Thanks for reviewing my question so thoroughly! The multinomial probit model is exactly what I itend to fit, although ultimately with a covariance matrix that is not restricted to an identity matrix.

Do you have more information on why data augmentation is not useful in HMC? I had read a comment in this forum that direct integration (eg via GHK) would be quite hard on the autodiff, and had also hoped that data augmentation might improve mixing of the original parameters (as it does for Gibbs & MH samplers).

The number of outcomes is `D+1`, although the X matrix is already differenced against the base alternative and hence features only `D*N` rows (should have mentioned this). The regression coefficients in turn are indeed just a vector, which allows for (implicitly) constraining certain coefficients to be equal across the `D` outcomes. This is somewhat different from the standard multivariate regression format, but not entirely unusual when a common (price) coefficient is desired.

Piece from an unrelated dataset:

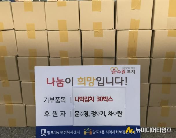 수원시 영통구 망포1동행정복지센터는 지난 17일, 망포1동 주민 3명이 저소득 취약계층을 위해 나박김치 30박스를 후원했다고 밝혔다.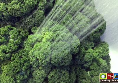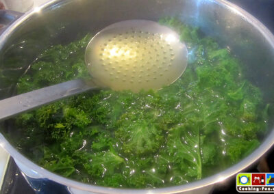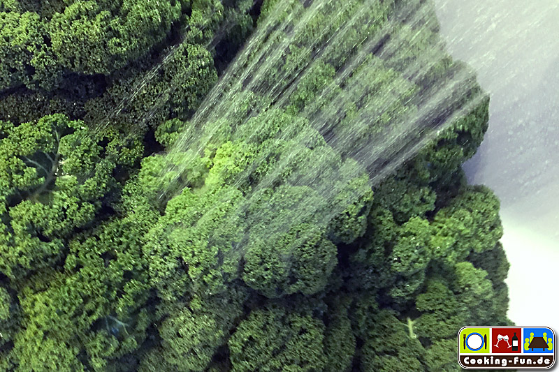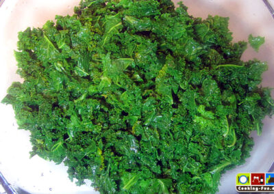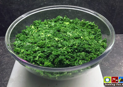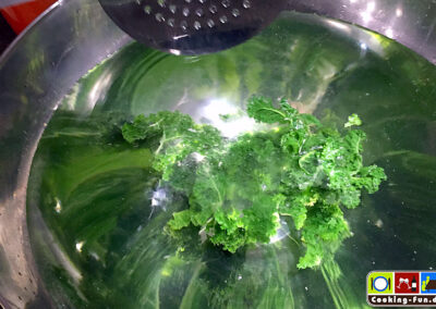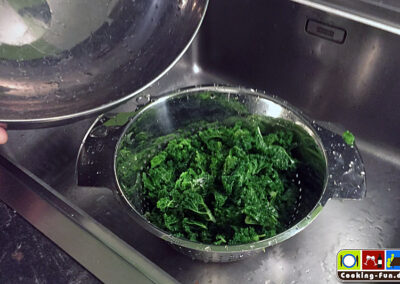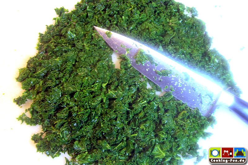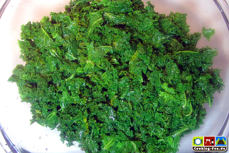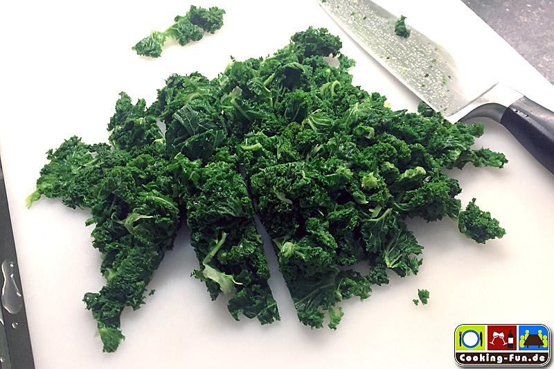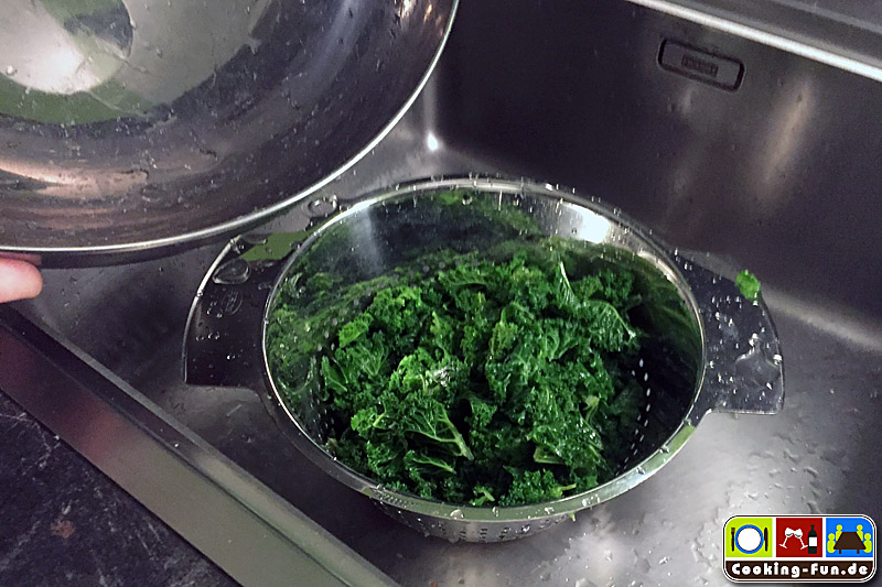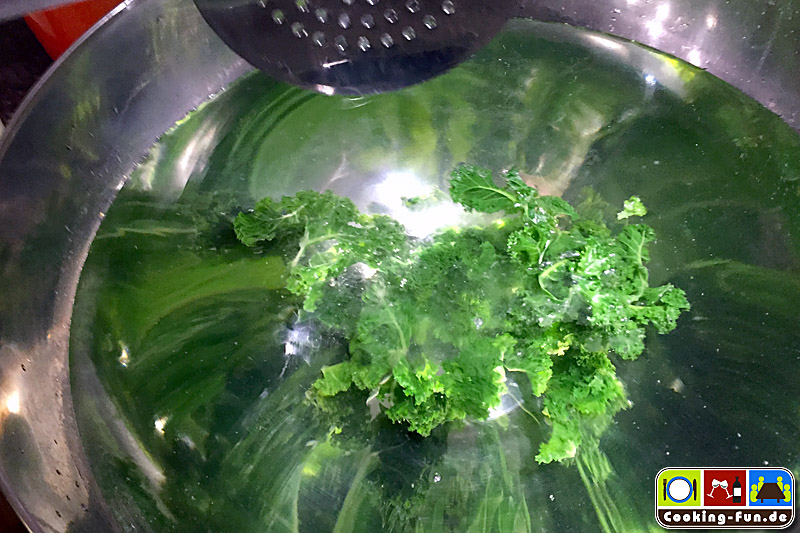 Nun die Blanchierstationen vorbereiten: Einen großen Topf mit sprudelnd kochendem Salzwasser, eine Schale mit Eiswasser (alternativ Sieb unter laufend kaltes Wasser halten), ein Sieb zum Abtropfen und eine Schale für den fertig blanchierten Grünkohl. Nun den Grünkohl portionsweise in das kochende Wasser geben und untertauchen. Nach 1-2 Minuten, wenn die Blätter im Volumen deutlich nachgegeben haben, aus dem Wasser heben und in das Eiswasser geben (oder kalt abbrausen). Nach dieser Abkühlung im Sieb abtropfen lassen, richtig fest mit beiden Händen auspressen, Grünkohl grob schneiden (kreuz und quer, damit keine ungewollt langen Kohlstreifen entstehen) und in einer Schale sammeln. Vor der nächsten Rutsche kurz kontrollieren, ob das Eiswasser noch kalt genug ist oder ob es erneuert werden muss. Erstaunlich, die zwei Kilo passen nach dieser Prozedur des Blanchierens tatsächlich in eine(!) große Schale.

Although multinomial logit is certainly more tractable in many scenarios, I would like to fit the probit version, specifically because it allows for reparametrizing the covariance matrix later on. The closest logit equivalent to this would be pairwise-nested logit, which is significantly less practical than the probit version.

@CerulloE has worked on this models and may have some additional information he can share.

1 Like

In addition, Jim Savage worked on similar issues a while ago (albeit not directly this model), and his posts and code might be useful to examine:
https://khakieconomics.github.io/

Why does the link matter? Can’t you just use the logit version with a covariance matrix, or is it explicitly tied to marginalizing the data augmentation? Sorry, but we don’t do a lot of data augmentation with HMC, so I’m not that familiar with it.

Like conjugacy, we just don’t need it. The kind of data augmentation used in Gibbs increases dimensionality and requires sampling from truncated distributions, which can be unstable numerically. On the other hand, Stan should be OK with the increased dimensionality, so it’d be interesting to see what you find.

What’s GHK?

In Stan, this needs to be explicit.

Using normal + logit residuals (ie logit with a covariance matrix) is indeed an option, but we had a reviewer question that and because only normal errors are feasible, we stuck with them.

The GHK method (Geweke, Hajivassiliou and Keane) is the most numerically stable (and hence standard) way to compute the integral over the normal as would be needed here without data augmentation. I would have expected that this would be almost impossible to get through the autodiff, and I think Ben Goodrich mentioned sth in that vein in the Google Forum. He also posted his implementation with GHK (which also didn’t work), so I decided to go with data augmentation.

In the canonical multivariate regression setup, there would be D parameters whereas in the current setup, you only have a single one. Hence in the canonical setup you would need to apply the constraint on the D parameters to replicate what is parametrized as a mere single coefficient in the current setup. That is why it’s so convenient.

Why would you need to compute an integral? Again, maybe I’m misunderstanding the model you want to fit. I thought the logit version was this multi-logit model we talk about in the User’s Guide.